Don't you think that muggings, home invasions, spousal abuse/attempted murder also happen on a semi regular basis in a large country?
During a home invasion, street mugging, mass shooting, or other potentially violent encounter the unarmed person has placed his fate COMPLETELY in the hands of the perpetrator. Quite a few people are unwilling to place themselves in that situation.
Being armed in public requires an attitude that is difficult for many people to assume. Many people assume that once they are carrying a weapon they need fear no one and not have to take any shit. Quite the opposite is true. A person carrying a concealed weapon must be the most humble of persons. No rude hand gestures to other drivers, insults, which if unarmed would result in fisticuffs, must be ignored. Confrontation assiduously avoided. The use of a firearm to protect your life or that of your family is deadly serious and the threat to you must be deadly serious as well.
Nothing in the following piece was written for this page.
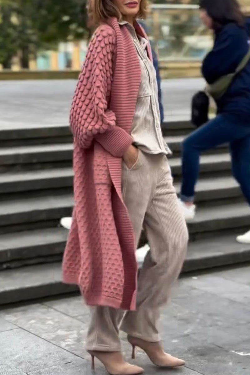 Women's Solid Color Knitted Long Cardigan

Heskey, you like to frame everything in black and white when in reality everything is situational. If you are in a public place such as a theater or mall and a madman is methodically shooting people, if you are armed you'd better either flee or open fire on him because it relatively clear what is going to happen. If you encounter a thug aiming a gun at you, I'd say you'd be better off trying to give him what he wants because your draw won't ever beat his trigger finger. Being armed is not a talisman that wards off all evil magically. It will not solve every possible encounter.